• _Problem_: For this listing, reproduce the line with "เป็นตำรวจ ตชด.41 ได้ใช้รถตู้ส่วนกลางของที่ทำงานพ่อ", the line with "ACROSS 1. Afternoon", and the lines between, exactly as they stand. Leave out pictures and all other lines.

• _Records supplied_:
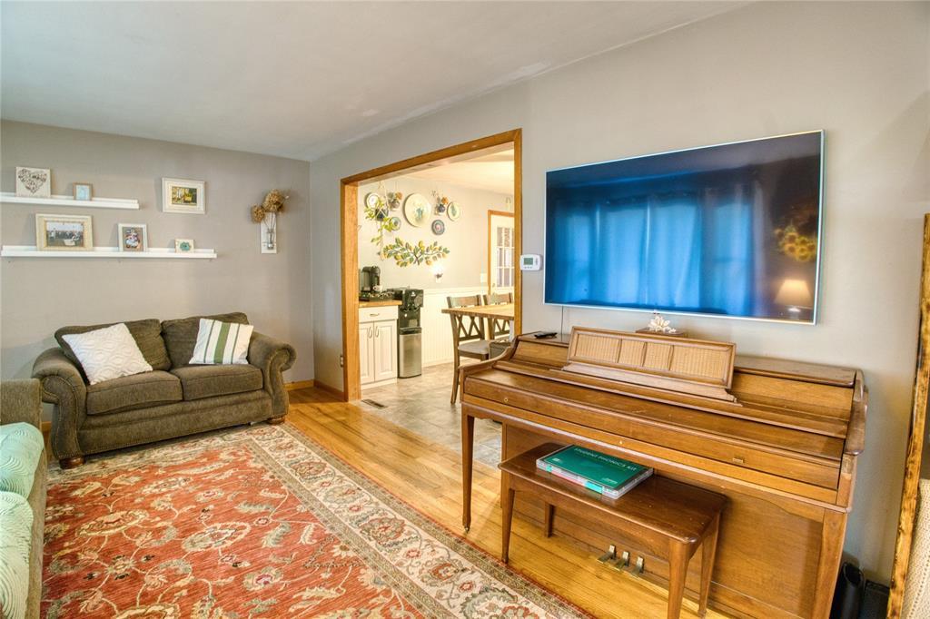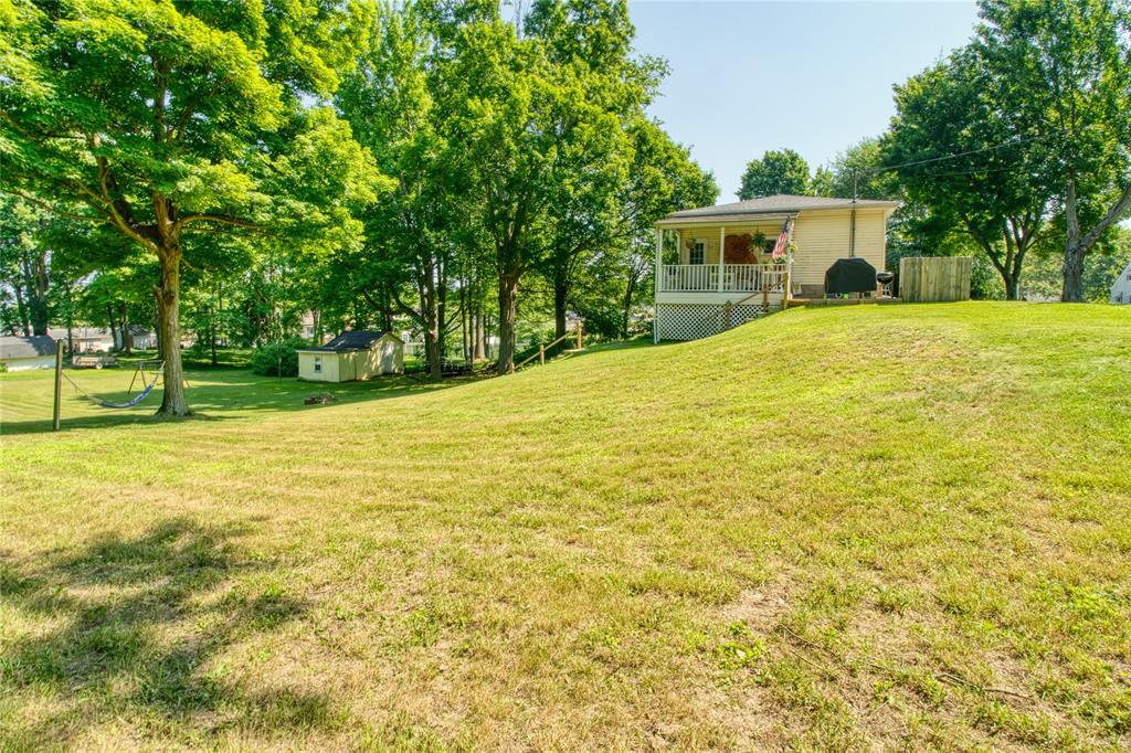 This charming single-story home offers comfortable and stylish living with beautiful hardwood floors flowing through the main level. The spacious eat-in kitchen is a standout, featuring an island, tiled backsplash, white cabinetry, butcher block countertops, and stainless steel appliances—perfect for both everyday meals and entertaining. The large primary bedroom offers a peaceful retreat with modern paint colors that create a fresh, inviting ambiance. A finished lower-level family room provides additional space for relaxing or gathering. Step outside to enjoy the covered side deck, ideal for outdoor dining or simply taking in the view. The 1-car attached garage adds convenience, while the nicely landscaped yard spans a generous 3/4 acre, offering plenty of room to enjoy nature or garden. A storage shed adds extra functionality, making organization a breeze. This well-maintained home combines comfort, style, and space in a serene setting—perfect for today’s lifestyle.
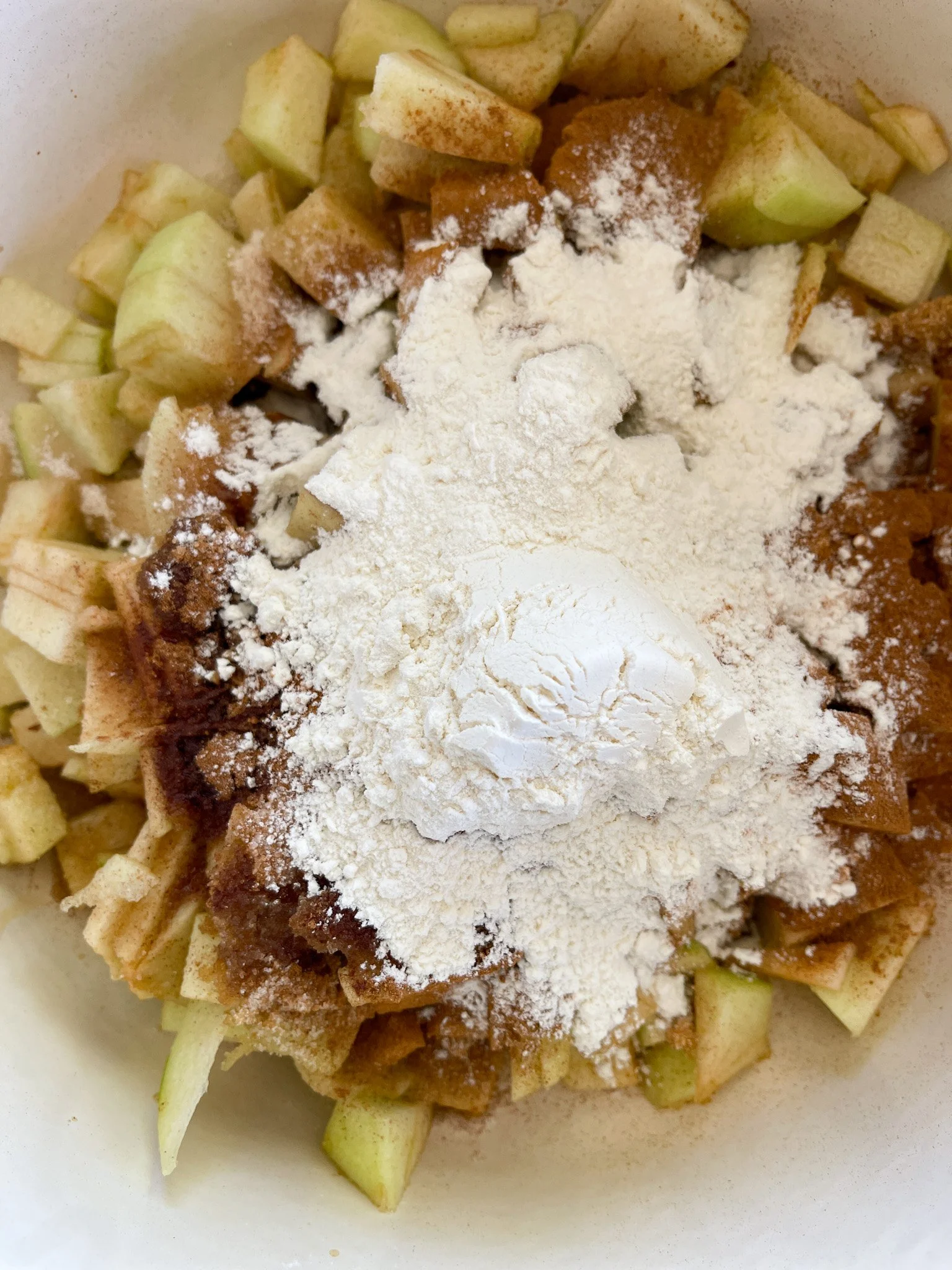 Stir all the ingredients well and let the mixture cook for 7 to 10 minutes, or until the sugar has dissolved and the apples have softened a bit (you want them to be fork tender, but not mushy).
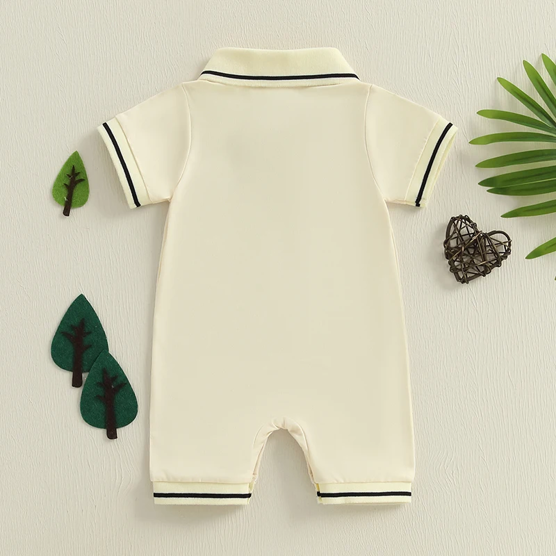 Bebé niño manga corta mameluco dinosaurio medio botón cuello mono lindo ropa de verano
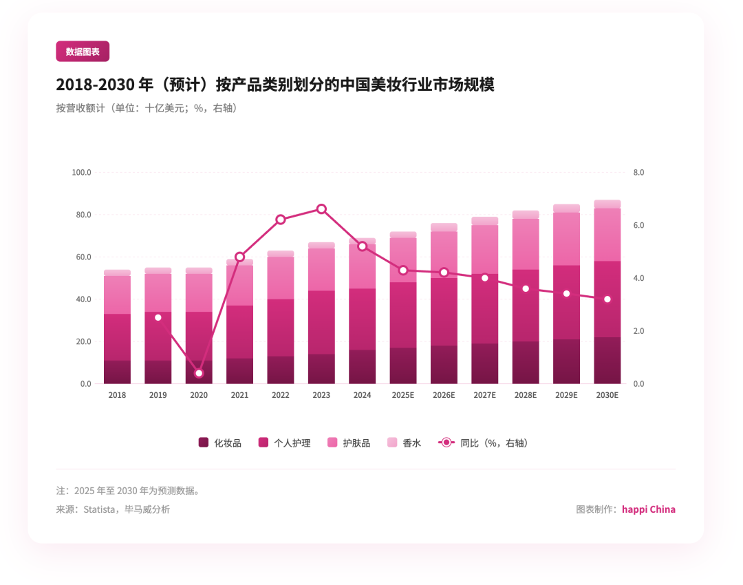 Statista 数据显示,2024 年中国美妆行业市场规模(按营收额计)达到 694.1 亿美元,预计 2025 年将增至 724.1 亿美元,2030 年有望触及 867.2 亿美元。尽管年均复合增长率已从早年的两位数回落至 3.8%,但绝对规模仍稳居全球第一。
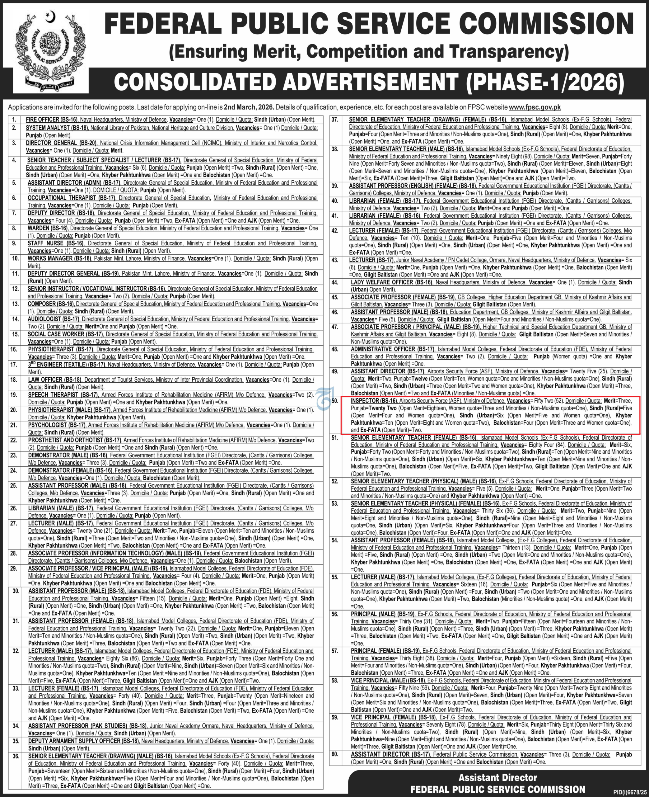 The last date to apply for ASF Inspector Jobs 2026 is 02 March 2026. Applicants must carefully review the eligibility criteria, including physical standards and domicile quota, before submitting the online application through FPSC. Candidates are strongly advised to read the complete official advertisement before applying.
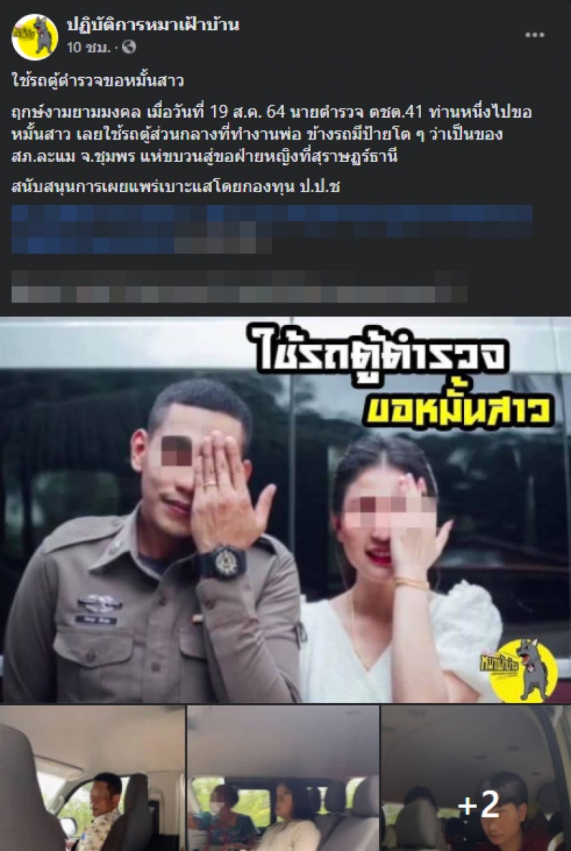 ทั้งนี้ผู้สื่อข่าวได้ทำการตรวจสอบพบว่าตำรวจชั้นประทวนคนดังกล่าว เป็นตำรวจ ตชด.41 ได้ใช้รถตู้ส่วนกลางของที่ทำงานพ่อ และมีป้ายระบุว่าเป็นของ สภ.ละแม จ.ชุมพร แห่ขบวนสู่ขอฝ่ายหญิงที่ จ.สุราษฏร์ธานี โดยภาพดังกล่าวถูกนำมาเผยแพร่และเป็นที่วิพากษ์วิจารณ์อย่างมากว่าเพราะเหตุใดจึงนำรถของราชการซึ่งเป็นรถหลวงมาใช้ในงานส่วนตัว
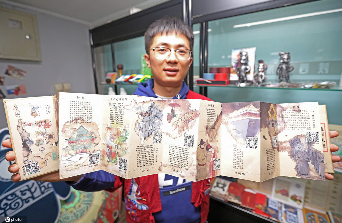 Wang Mingde shows a travel strategy map with the distinctive local features of Northwest China's Shaanxi province, Oct 17, 2019. [Photo/IC]
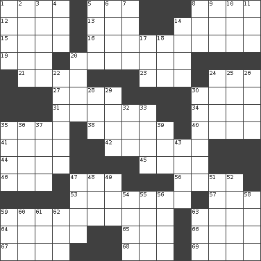 ACROSS 1. Afternoon social gatherings 5. Elected rep. 8. Friends 12. Shade of tan 13. Wedding promise 14. The wife of a rajah (variant) 15. Carry 16. One who advocates reunion 19. Biblical high priest 20. Pre-World Series prize 21. Snakelike fish 23. E Mali city 24. Keyboard modifier key 27. One who uses or employs something 30. Leg joint 31. Unemotional ones 34. Pismires 35. Carrot, for example 38. Chalkboard 40. A home for chicks 41. Engineer (abbr.) 42. Eats (away) 44. Actor Lugosi 45. "____ silly question..." 46. Compass dir. 47. Domesticated feline 50. Son of Isaac 53. Speakers 57. Followers of ems 59. Supplementary 63. Roberta Peters solo 64. N. Chile seaport 65. Lair 66. "Vaya con ____" 67. Sliced desserts 68. Conclude 69. Hiding places for outlaws DOWN 1. False hair 2. Learning spot: Fr. 3. Nick name for Arthur 4. Take to court 5. Father 6. Paradise 7. Part of speech 8. Baking dish 9. Black tropical American cuckoo 10. French article 11. Arrange properly for use 14. Printing process, for short 17. Tired old horse 18. _ tizzy (2 wds.) 20. Inconspicuous attention getter 22. A period of five years 24. Singer Murray 25. Allows 26. Trial 28. Greek goddess of the dawn 29. Cause heat under the collar 30. Sunflower state 32. Automobile 33. Portico 35. Confederate soldiers (slang) 36. Washington bills 37. Stare at amorously 39. Begley and Asner 43. Makes supply last 47. Root beer relative 48. "We ___ not amused" (Victoria) 49. Make lace 51. Nest on high 52. The state of being joined or united 54. Periodic rise and fall of the sea level 55. Baking chamber 56. Tear apart 58. Backtalk 59. Plant excrement 60. RI univ. 61. Sliced dessert 62. Personal Computers (abbr.) 63. Find the sum of
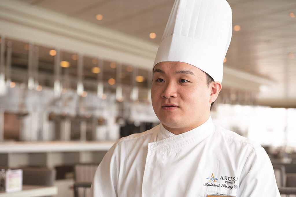 製菓学校在学中、横浜に遊びに来たら偶然、「飛鳥Ⅱ」が停泊していて、船に乗りながら、海外や日本中で仕事できることに憧れました。街場の店で修業後、2024年にペストリーシェフとして入社。「飛鳥Ⅲ」の就航に向けてメニューを開発し、ほぼ毎月、フィリピンに出張してトレーニングを行うなど、今28歳ですが、この歳ではできない経験を積んでいます。英語でわかりやすく伝えることが重要なので、このときの経験が役立っています。一緒に働くようになってからは、仕事がキツいときもフィリピン人は明るく、ときには歌いながら仕事をするので僕が元気を貰っています(笑)。
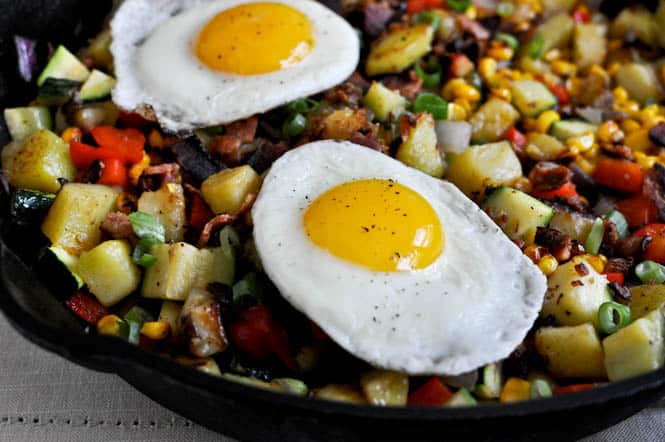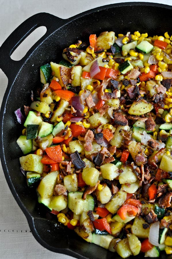 - Add peppers and onions (and another little sprinkle of salt and pepper) to potatoes and cook for another 5 minutes, stirring. At this time you may need to add the additional teaspoon of olive oil depending on how much bacon fat is left. After 5 minutes, add in the zucchini and garlic and cook for 5 minutes more, stirring. Turn off heat, then stir in grilled corn and bacon. Top with sliced green onions. Serve with an egg on top.
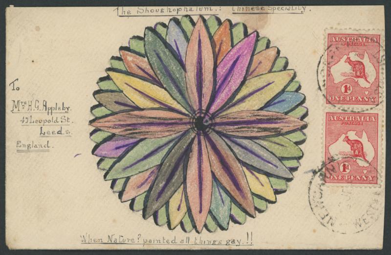 1913 (June 2) hand-illustrated envelope showing a kaleidoscope titled 'The Shoughophalum: Chinese Speciality/When Nature painted
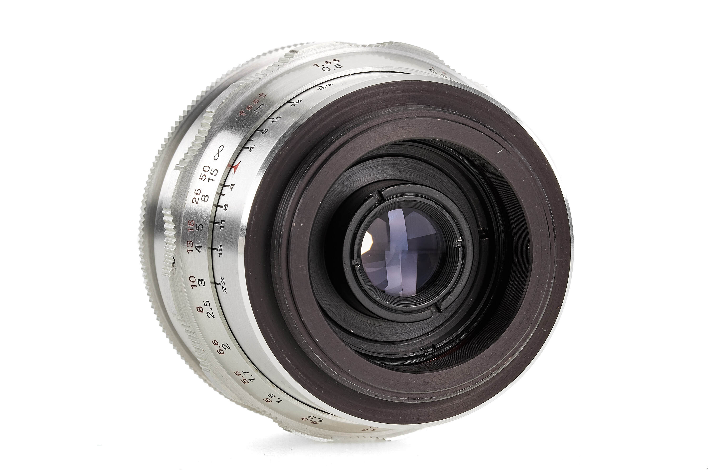 An extremely rare ultraviolet (UV) lens in M42 mount, built with three elements in three groups, all made of special glass with high UV transmission. Intended for scientific and forensic photography, such lenses were produced only in very small numbers, most likely on special order. The offered example is in mint condition, complete with caps and the original maker’s box.
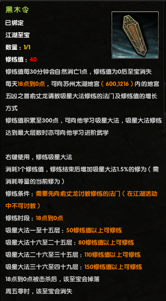 *当至宝修炼值增加或修炼内功时,有几率召唤一批杀手,进入活动状态,每次召唤活动持续一定时间。
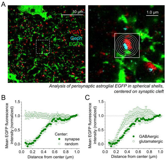 2.2. Astrocytic Volume Distribution at GABAergic and Glutamatergic Synapses

• _Worked solution_:
 ทั้งนี้ผู้สื่อข่าวได้ทำการตรวจสอบพบว่าตำรวจชั้นประทวนคนดังกล่าว เป็นตำรวจ ตชด.41 ได้ใช้รถตู้ส่วนกลางของที่ทำงานพ่อ และมีป้ายระบุว่าเป็นของ สภ.ละแม จ.ชุมพร แห่ขบวนสู่ขอฝ่ายหญิงที่ จ.สุราษฏร์ธานี โดยภาพดังกล่าวถูกนำมาเผยแพร่และเป็นที่วิพากษ์วิจารณ์อย่างมากว่าเพราะเหตุใดจึงนำรถของราชการซึ่งเป็นรถหลวงมาใช้ในงานส่วนตัว
 Wang Mingde shows a travel strategy map with the distinctive local features of Northwest China's Shaanxi province, Oct 17, 2019. [Photo/IC]
 ACROSS 1. Afternoon social gatherings 5. Elected rep. 8. Friends 12. Shade of tan 13. Wedding promise 14. The wife of a rajah (variant) 15. Carry 16. One who advocates reunion 19. Biblical high priest 20. Pre-World Series prize 21. Snakelike fish 23. E Mali city 24. Keyboard modifier key 27. One who uses or employs something 30. Leg joint 31. Unemotional ones 34. Pismires 35. Carrot, for example 38. Chalkboard 40. A home for chicks 41. Engineer (abbr.) 42. Eats (away) 44. Actor Lugosi 45. "____ silly question..." 46. Compass dir. 47. Domesticated feline 50. Son of Isaac 53. Speakers 57. Followers of ems 59. Supplementary 63. Roberta Peters solo 64. N. Chile seaport 65. Lair 66. "Vaya con ____" 67. Sliced desserts 68. Conclude 69. Hiding places for outlaws DOWN 1. False hair 2. Learning spot: Fr. 3. Nick name for Arthur 4. Take to court 5. Father 6. Paradise 7. Part of speech 8. Baking dish 9. Black tropical American cuckoo 10. French article 11. Arrange properly for use 14. Printing process, for short 17. Tired old horse 18. _ tizzy (2 wds.) 20. Inconspicuous attention getter 22. A period of five years 24. Singer Murray 25. Allows 26. Trial 28. Greek goddess of the dawn 29. Cause heat under the collar 30. Sunflower state 32. Automobile 33. Portico 35. Confederate soldiers (slang) 36. Washington bills 37. Stare at amorously 39. Begley and Asner 43. Makes supply last 47. Root beer relative 48. "We ___ not amused" (Victoria) 49. Make lace 51. Nest on high 52. The state of being joined or united 54. Periodic rise and fall of the sea level 55. Baking chamber 56. Tear apart 58. Backtalk 59. Plant excrement 60. RI univ. 61. Sliced dessert 62. Personal Computers (abbr.) 63. Find the sum of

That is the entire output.